After fitting the initial stage 2 model (9) to ML, MDPD, and WLEE parameter estimates, the parsimonious model was selected using the BIC statistics and significance tests for the fixed effects parameters, as described in Verbeke and Molenberg [20]. Using either WLEE or MDPD robust stage 1 estimates, the weight of animal had significant effect on log standard deviations but not on the means of the normal components. Using the ML stage 1 estimates, the weight of animal had significant effect on the log standard deviation of the second component only, while for the first component, the weight effect was only borderline significant. To allow comparison of results based on alternative stage 1 estimates, the second stage model was selected to be the same with all three types of stage 1 estimates. Thus, the final parsimonious stage 2 model was constrained to β1 = β2 = 0 for all of stage 1 estimates. Estimated from initial stage 2 models covariance matrices Σ included all significant positive correlation coefficients ranging from 0.32 to 0.94. All second stage models indicated no random effect of animal present in the first component log standard deviation (LME model yielded zero estimate for τlnσ12). Meanwhile, animal random effect variance components τlnσ22,τμ12,τμ22, were not estimated zero, but substantially smaller in magnitude than corresponding variance components of the microscopic field random effects. Even these animal random effect variance components ( τlnσ22,τμ12,τμ22) were not always significantly different from zero (using Wald test available through the covtest option in SAS PROC MIXED), they were retained in stage 2 models to control for animal random effects, and non-significance was considered potentially attributed to the small number of animals in the data set. Table 1 reports fixed effects parameter estimates obtained by fitting the final second stage STS model to ML, MDPD, and WLEE stage 1 estimates, as well as the p-values for the t-tests of the genotype differences in each finite mixture parameter. The degrees of freedom for t-tests and F-tests were computed using the approach of Kenward and Roger [13]. Table 2 presents the covariance parameter estimates from the final second stage models. Examination of residuals and BLUPs of animal random effects did not indicate violations of the normal distribution assumption with any stage 1 estimates.

Table 1.

Fixed effects estimates and test results from stage 2 models

Parameter Wild Type Estimate (SE) Decorin Deficient Estimate (SE) Difference Est.

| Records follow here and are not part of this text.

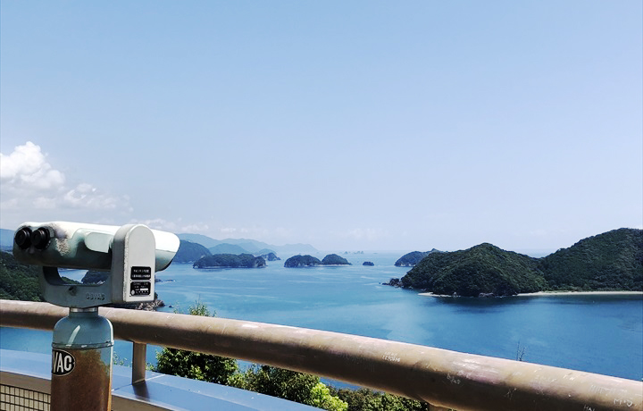 標高74mの高塚山に熊野灘臨海公園として整備された展望台です。展望台からは360度見渡せ、特に前面の熊野灘には「紀伊の松島」と呼ばれる大小の島々が浮かび、圧巻の景色が一望できます。
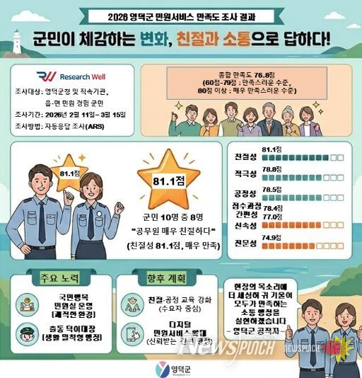 뉴스펀치 박세훈 기자 | 영덕군이 실시한 ‘2026년 민원 서비스 만족도 설문조사’ 결과 종합 만족도 76.8점을 기록하며 군민 중심의 민원 행정이 눈에 띄는 성과를 거두고 있는 것으로 나타났다.
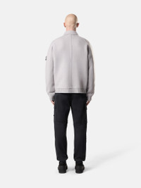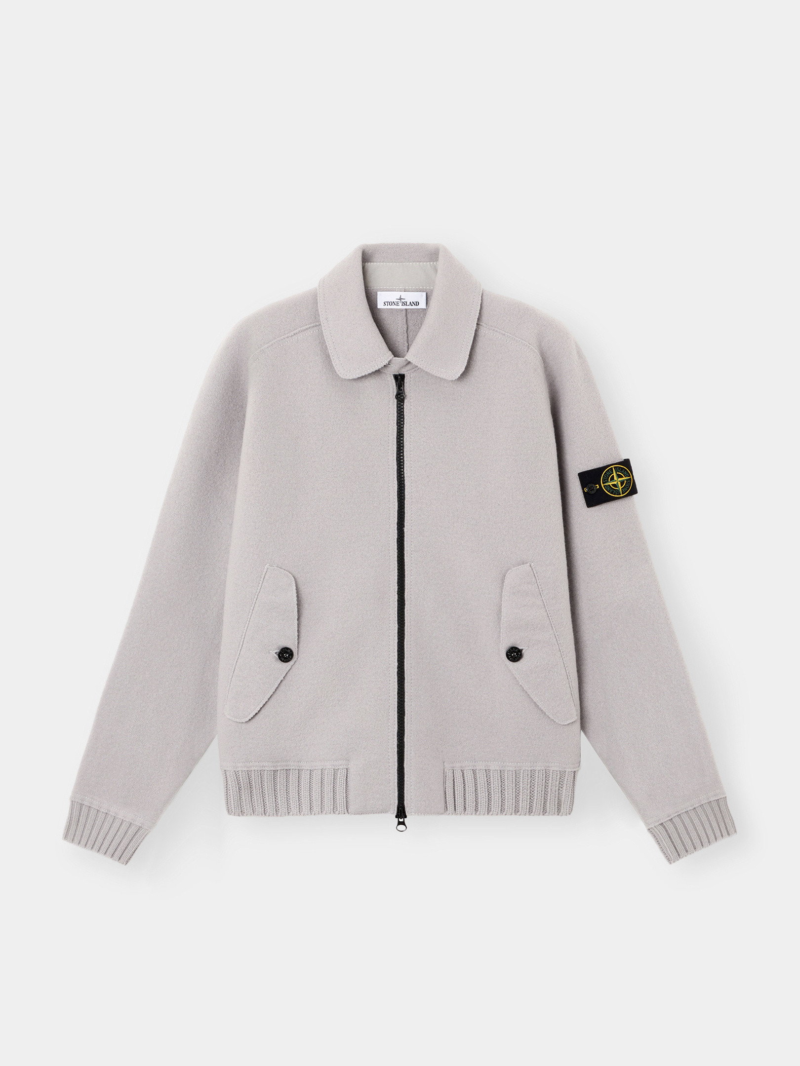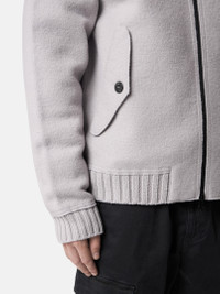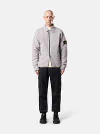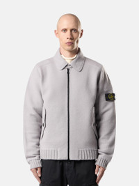 Knit coach jacket in felted RWS wool with chin strap, nylon twill undercollar, pockets with button fastening, ribbed trims, and two-way zipper. Gauge 7. FABRIC RESEARCH AND TREATMENT Coach jacket in felted RWS wool. Gauge 7. STYLE AND FIT Nylon twill undercollar. Chin strap with button. Raglan sleeves. Hand pockets with triangular flap and button. Stone Island badge on left sleeve. Ribbed cuffs and bottom band. Two-way zipper fastening. Oversized fit. COMPOSITION AND CARE Garment: 100% Virgin Wool. Garment Details: 100% Polyamide / Nylon. Inside Garment Details: 100% Polyurethanic Resin
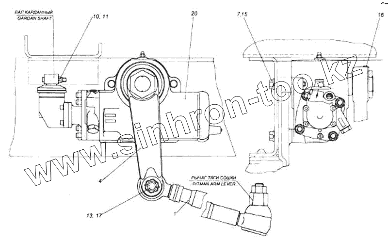 Каталог запасных частей к технике: Камский автозавод 5460. Установка рулевого механизма
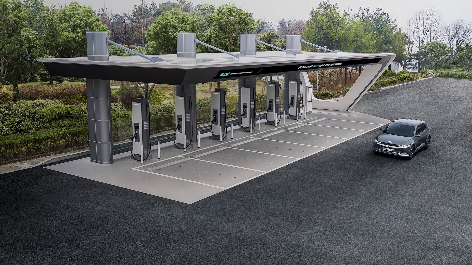 韩国现代汽车为电动车设计了一款快速充电站的样板,该充电站被命名为E-Pit,其整体造型与当下的加油站类似。
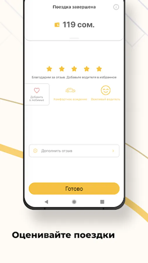 The delivery address will be determined automatically. You just need to indicate where you are going. Use templates with addresses and settings that you use most often to order a taxi in a couple of clicks.
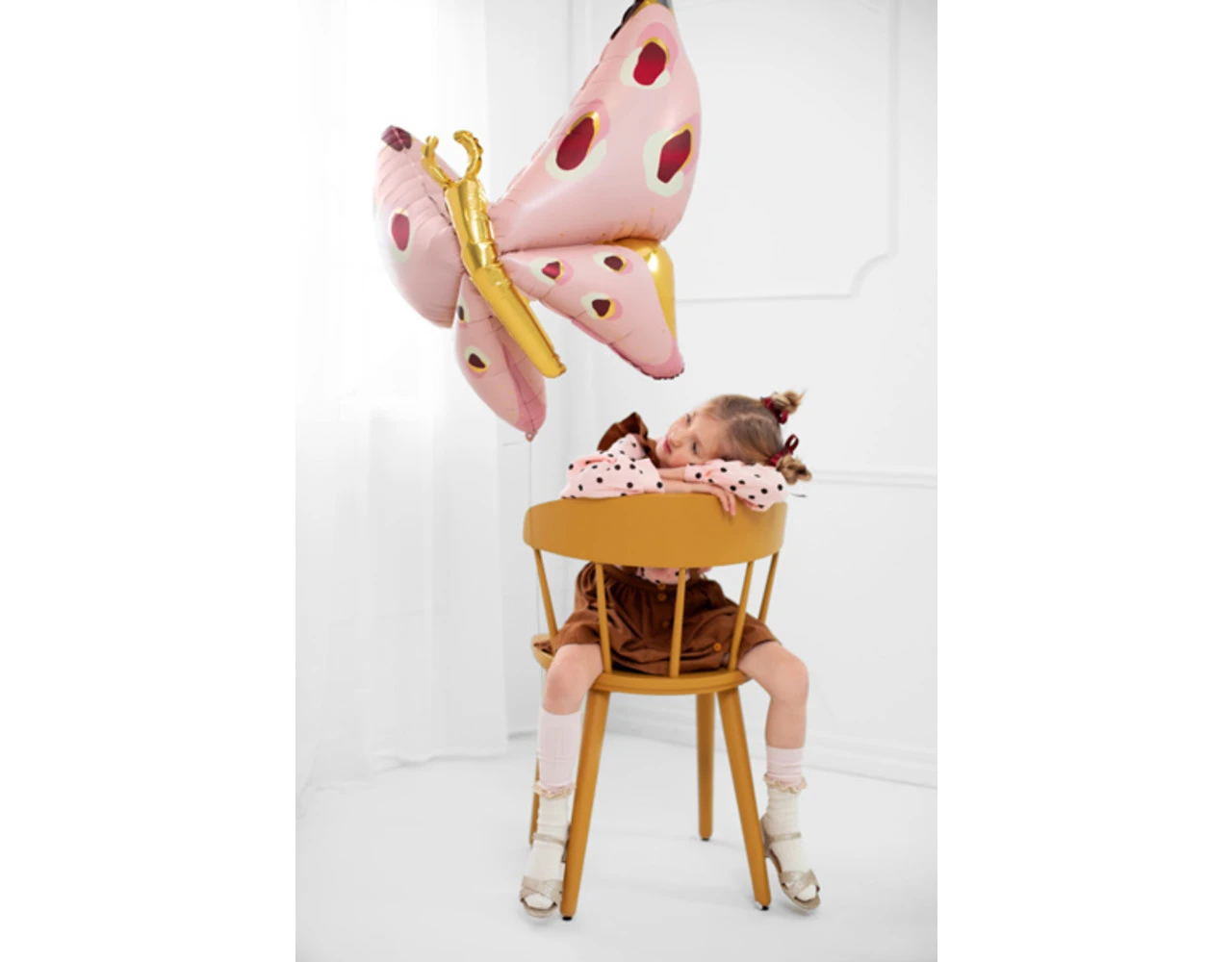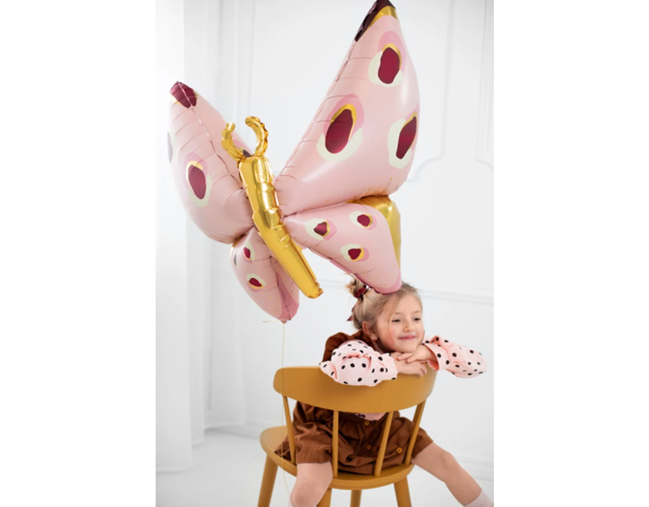Folieballon Vlinder, mix van kleuren, afmeting voor opblazen ca. 120 x 87 cm (47” x 34”), afmeting na opblazen ca. 110 x 67 cm (43” x 30”). Opblazen met lucht en helium.
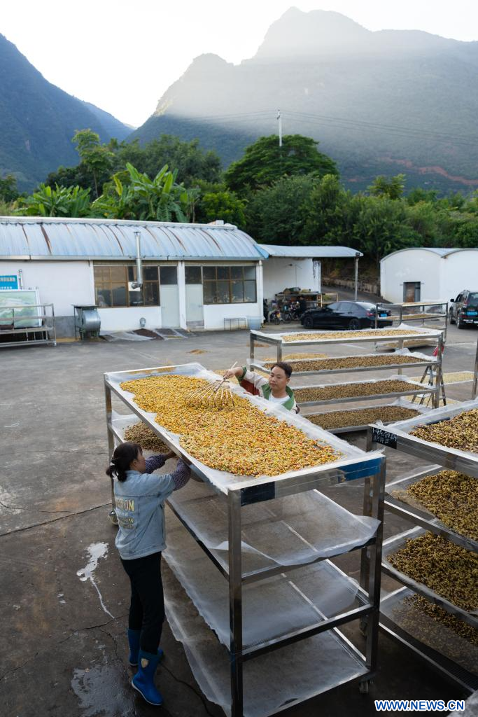 BAOSHAN, 18 novembre (Xinhua) -- Des agriculteurs étalent des grains de café frais pour les faire sécher dans le village de Xinzhai, à Baoshan, dans la province chinoise du Yunnan (sud-ouest), le 16 novembre 2025. Les caféiers qui y sont cultivés sont récemment entrés dans la saison de récolte. (Photo : Gao Yongwei)
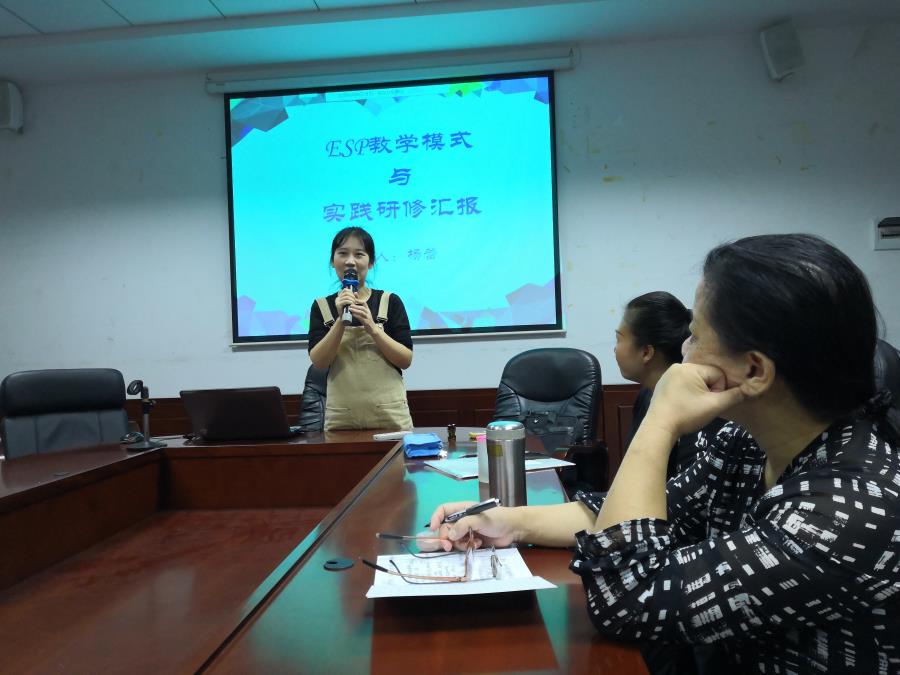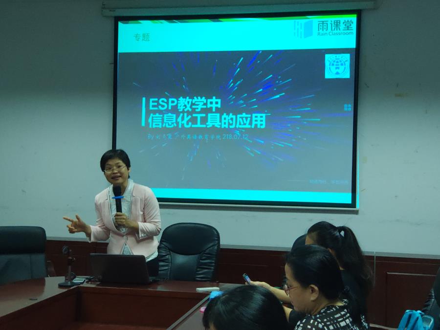 工作坊的重头戏,是外出学习教师反馈学习心得并传递大学英语研究前沿动态。吴佩娟与杨蕾一方面介绍了专门用途英语教学的研究现状及趋势,另一方面结合信息化教学平台---“雨课堂”的教学实例,向老师们详细介绍了用“雨课堂”开展英语课内外教学的具体方法,还分享了实际教学中的感受。教师们跟随着两位主讲老师的提示,拿出手机扫描进入小程序,现场感受了一个特别的教学课堂。

Diff. (SE) P-value
ML estimation in Stage 1
lnσ1 1.52 (0.11) 1.58 (0.12) 0.07 (0.05) 0.156
lnσ2 0.74 (0.19) 0.80 (0.22) 0.06 (0.06) 0.357
μ1 34.71 (0.66) 37.24 (0.66) 2.53 (0.93) 0.010
μ2 49.59 (1.44) 53.55 (1.44) 3.97 (2.04) 0.065

MDPD estimation in Stage 1
lnσ1 1.45 (0.12) 1.51 (0.13) 0.06 (0.05) 0.243
lnσ2 0.86 (0.18) 0.95 (0.20) 0.09 (0.06) 0.149
μ1 34.62 (0.75) 36.91 (0.75) 2.30 (1.06) 0.046
μ2 49.69 (1.19) 53.47 (1.19) 3.78 (1.68) 0.029

WLEE estimation in Stage 1
lnσ1 1.39 (0.11) 1.44 (0.13) 0.05 (0.05) 0.234
lnσ2 0.81 (0.17) 0.89 (0.19) 0.08 (0.05) 0.133
μ1 34.72 (0.68) 37.07 (0.68) 2.35 (0.96) 0.022
μ2 49.58 (1.29) 53.35 (1.29) 3.77 (1.82) 0.047

Table 2.

Covariance parameter estimates from stage 2 models

Covariance Parameter ML in stage 1 Estimate (SE) MDPD in stage 1 Estimate (SE) WLEE in stage 1 Estimate (SE)
Variance components of animal random effects
τ2lnσ1 0 0 0
τ2lnσ2 0.0054 (0.0046) 0.0055 (0.0038) 0.0039 (0.0031)
τ2μ1 0.15 (0.44) 0.86 (0.86) 0.39 (0.58)
τ2μ2 7.09 (3.81) 1.74 (2.01) 4.06 (2.67)

Covariance of the random effects of microscopic field
Σ11=Var(lnσ1) 0.032 (0.006) 0.033 (0.006) 0.029 (0.005)
Σ22=Var(lnσ2) 0.018 (0.005) 0.016 (0.004) 0.016 (0.004)
Σ33=Var(μ1) 12.33 (2.34) 12.51 (2.76) 11.84 (2.34)
Σ44=Var(μ2) 27.07 (5.51) 33.74 (7.9) 29.38 (6.21)
Corr(lnσ1, lnσ2) 0.51 (0.12) 0.79 (0.06) 0.77 (0.06)
Corr(lnσ1, μ1) 0.81 (0.05) 0.82 (0.05) 0.80 (0.05)
Corr(lnσ2, μ1) 0.32 (0.14) 0.57 (0.10) 0.52 (0.11)
Corr(μ2, lnσ1) 0.79 (0.05) 0.89 (0.03) 0.85 (0.04)
Corr(μ2, lnσ2) 0.34 (0.14) 0.68 (0.09) 0.58 (0.10)
Corr(μ2, μ2) 0.93 (0.02) 0.94 (0.02) 0.94 (0.02)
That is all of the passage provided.